I went out to watch a friend in her comedy troup; the waitress was, frankly, quite gorgeous, and we chatted slightly longer than a normal conversation would in that dynamic. Direct eye contact for most of the time (I logically understood that her naked body would feel yummy rubbing up against mine (and those breasts.. MMHM!), but I really didn't care about that while talking with her).

She basically invited me to their open mic on Thursday, and I think I might go and play; women need to be blown away sometimes..

Stage 2 starts in 5-6 days, so I'm excited for that to start.

Two net positives on Stage 1 so far:
- I'm very brazzen on taking on new habits and sticking to them; example: languages, morning ritual. They're automatic
- I'm more social, and take on more opportunities to go out, even if I have to drop a couple of bucks to get in (a piece of resistance before)
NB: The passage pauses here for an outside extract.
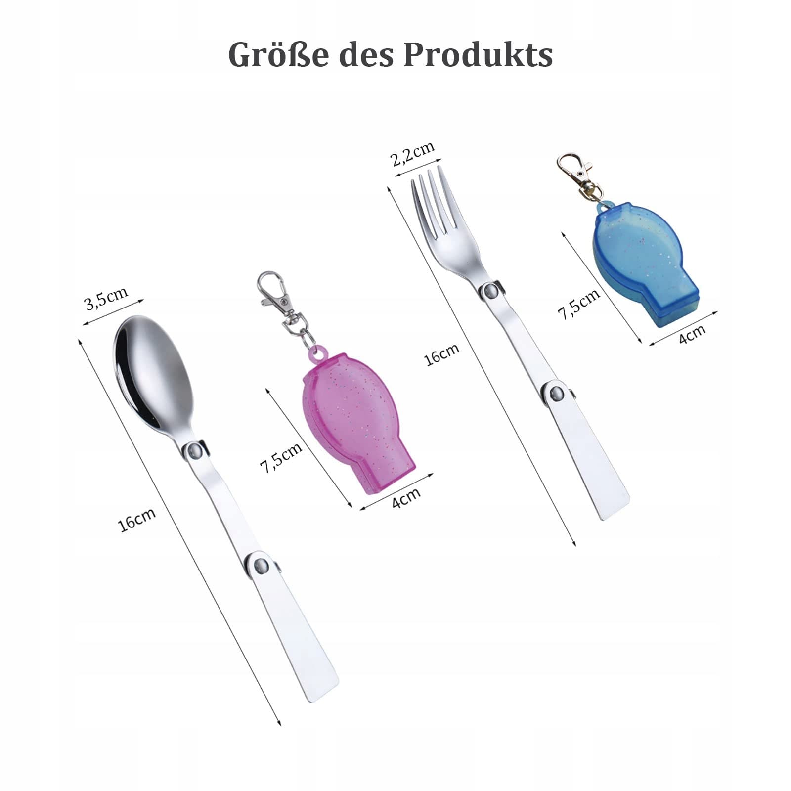 🍴【Zawartość opakowania】Otrzymasz składany widelec i składana łyżkę oraz dwa pojemniki do przechowywania. Widelec ma wymiary 16cm*2,2cm, łyżka 16cm*3,5cm, a pojemnik do przechowywania 7,5cm*4cm.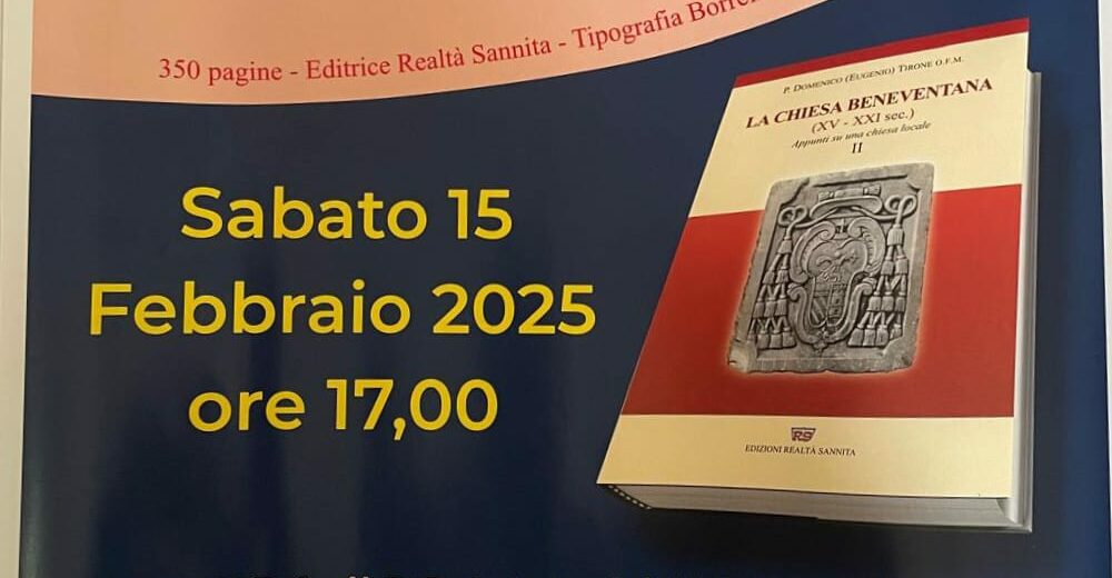 Sabato 15 febbraio, alle ore 17:00, presso l’oratorio francescano “Santissima Annunziata” di San Giorgio Del Sannio, si terrà la presentazione del libro “La Chiesa Beneventana- XV- XXI Sec.” II volume a cura di Padre Domenico Tirone, edito da Realtà Sannita. L’autore presenterà il suo nuovo libro attraverso una intervista a cura di Rita Pacillo.

The rest is more or less related, or just noticeable changes.

This article made me interested in re-considering polyphasic sleep ( http://www.businessinsider.com/this-guy-...rs-2013-11). I've "attempted" it once, but it was an impulsive try without any planning or consideration.. long story short, I stayed up late one night and napped for too long. I will use the basic sleep subliminals to work that out (Deep, Restful Sleep, and Sleep Optimizer), or just use it to shorten my overall sleep hours.
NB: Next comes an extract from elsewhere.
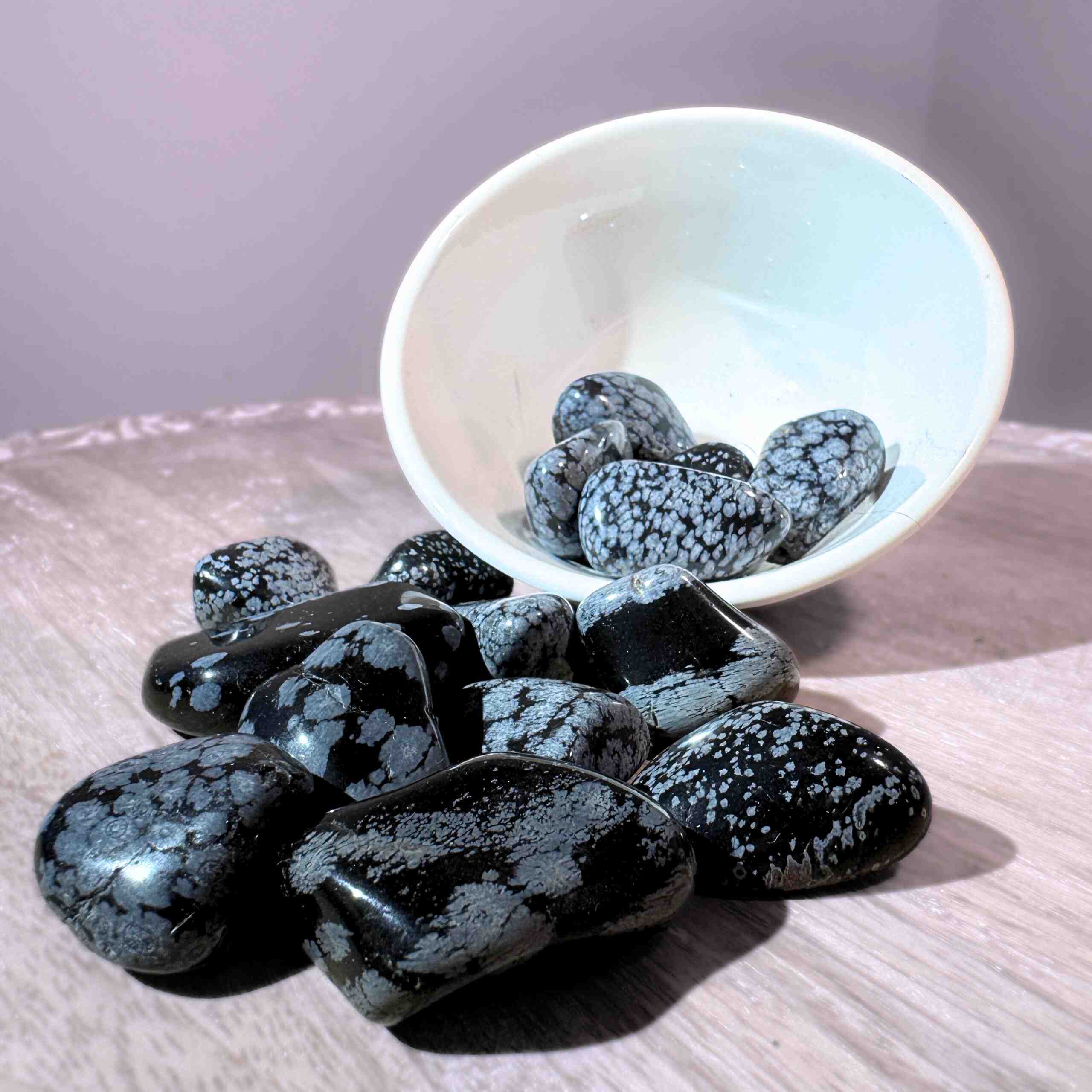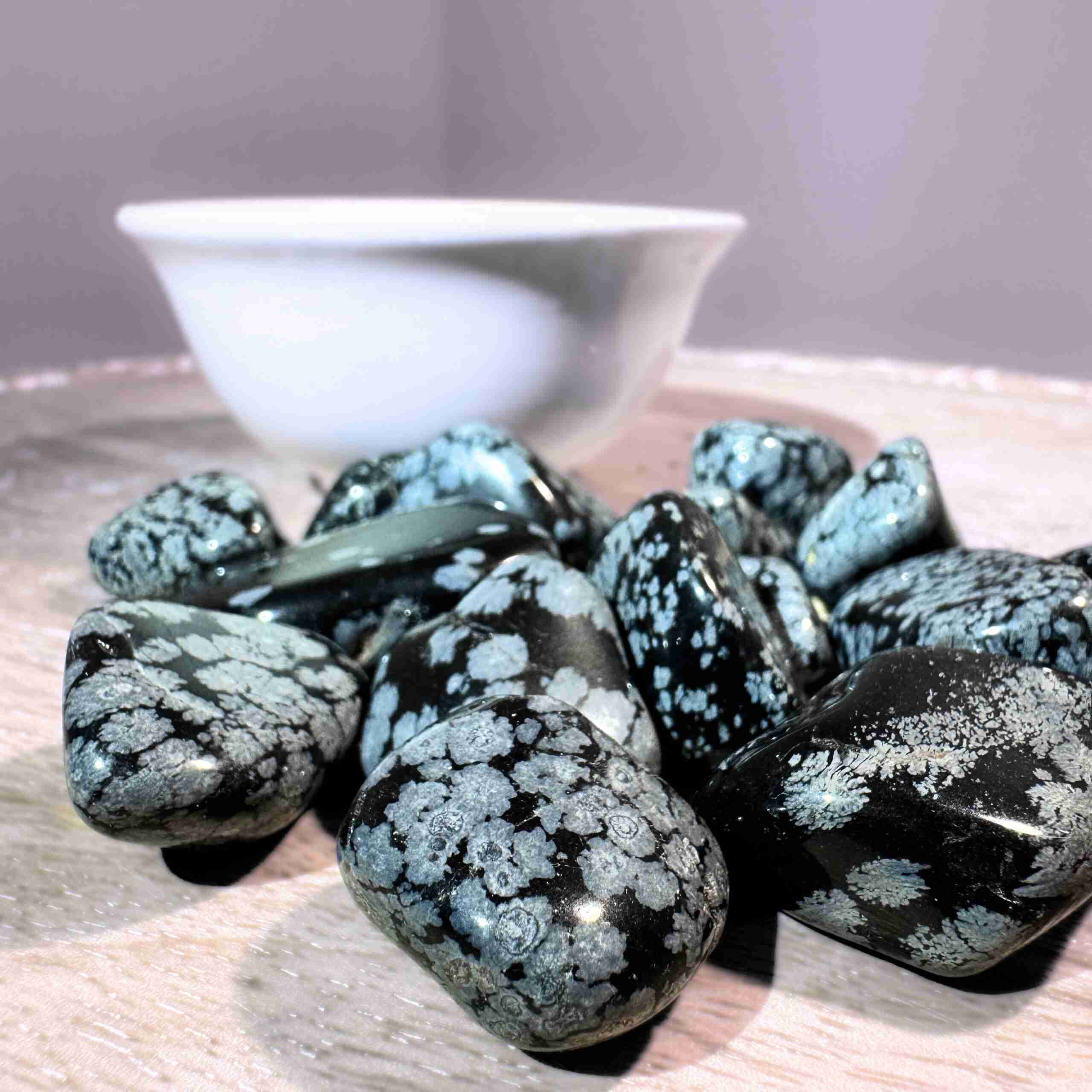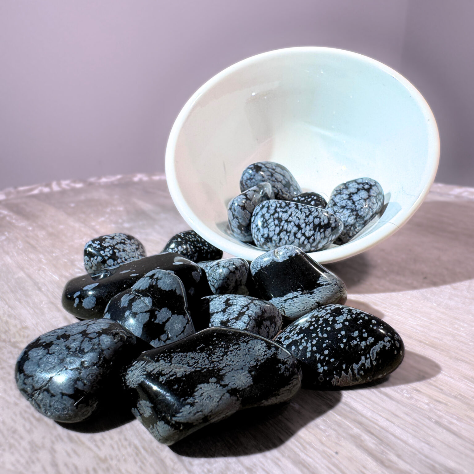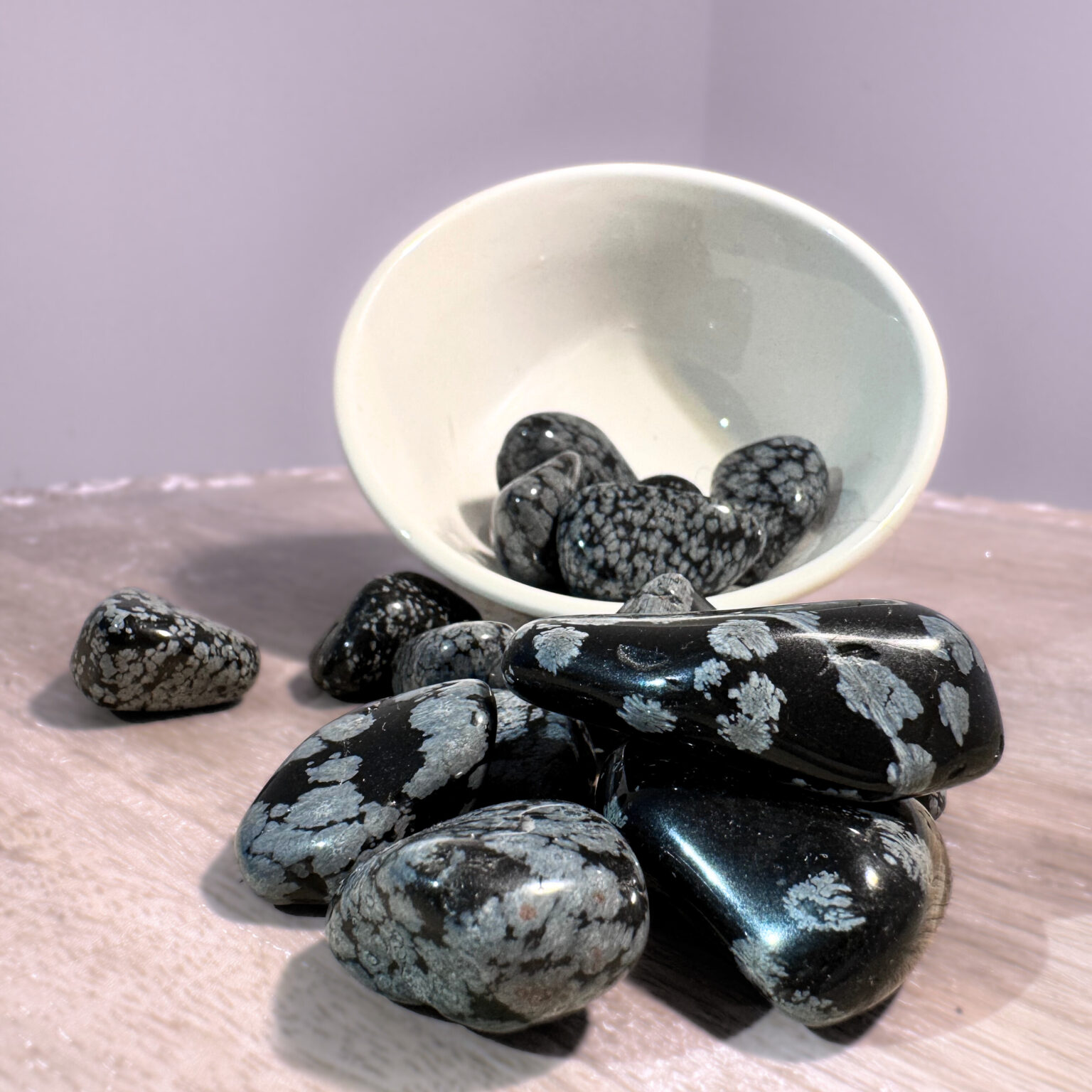 L’ossidiana fiocco di neve è una pietra potente da incorporare nel lavoro dell’ombra o nella regressione alle vite passate. Questa gemma è utile per rivelare vecchi schemi malsani e aprirti al cambiamento in modi che servono al tuo bene più alto. Tieni questa pietra in casa o ovunque desideri circondarti di vibrazioni stabilizzanti e protettive. Posizionala su qualsiasi area tesa del corpo che abbia bisogno di disintossicazione energetica e guarigione. L’ossidiana fiocco di neve è anche un dono meraviglioso, che porta la sua magia delicatamente protettiva a chiunque incontri. Questa gemma apre canali tra te e il mondo naturale, rendendola una compagna ideale per escursioni o meditazioni all’aperto.

I've had problems sleeping for most of my life, so bringing a close to that will be useful.
I've also planned out a possible layout for the next 1.5 years with these subliminals.
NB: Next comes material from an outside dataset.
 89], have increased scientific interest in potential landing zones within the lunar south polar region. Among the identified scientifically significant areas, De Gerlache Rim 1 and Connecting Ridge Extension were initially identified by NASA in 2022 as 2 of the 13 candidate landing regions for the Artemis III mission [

Alpha Male: October 26, 2013 - May 10, 2014
Sleep subs: Sometime during Alpha Male for short amounts of time

Ultra Success 4G and Maximum Learning Speed 4G - May 10, 2014 - September 10, 2014
MIGHT be Maximum Sales Success instead of Ultra Success

Sex Magnet 5G (maybe I'll buy) - September 10, 2014 - March 10, 2015. I might try to end my last day exactly on my 23rd birthday (March 10), with some ridiculous birthday sex. The main reason for this sub , and not Woman magnet, is that I want the very sexy vibe, like a Ryan Gosling. This is useful as an aspiring musician. Woman Magnet would give me the "sociable" vibe, and though I want to surround myself with fun, beautiful women, the sexy aura is truly the main priority.

Attract Your Perfect Job 5G - March 20, 2015 until success

I want the job of a highly-paid musician, releasing albums, producing high-end music videos, and touring; but that year, I'm also graduating my Nutrition major, so I'll be looking for work either way. This might be the way to finding that perfect job, especially with the Self-Optimizing script I keep hearing about.

I've still felt a general amount of anxiety today and yesterday; I think it's scraping at the bottom of the barrel, so there's not much left. I also had the general feel that I was completely unattractive to women, because of their not paying me much attention (besides that waitress thing). That feeling is attached to my current results, and floats in the wind, so I don't trust that emotion.

I wanna start Stage 2!
Stage 1, Day 28

Basically met for a school project and then went to work for 8.5 hours; studied Italian and Spanish, missed Korean today.

I seem to be skipping days on 'A Course in Miracles' wherein I'm not actually doing the lessons. When I do the days, I often forget to do my reflection; I might put it on pause to build up more desire to do it.

Taking Geodude's advice to tap away everything that bothers me; I have a mild grievance with the mutual group that we're in, but there's nothing more than that. I'll give some updates here.

I'm also working tomorrow, so I'll be busy and away from earphones. But more money.

I had the courage to realise that I have to start playing original songs at my open mics, instead of hiding behind some cover songs which I have gotten good at; obviously, a healthy mix is best. I'll start configuring them for an acoustic guitar and voice in short notice.

Gonna do two open mics on Thursday; that's also gonna be Stage 2, Day 1. Will I have some ready? We'll see.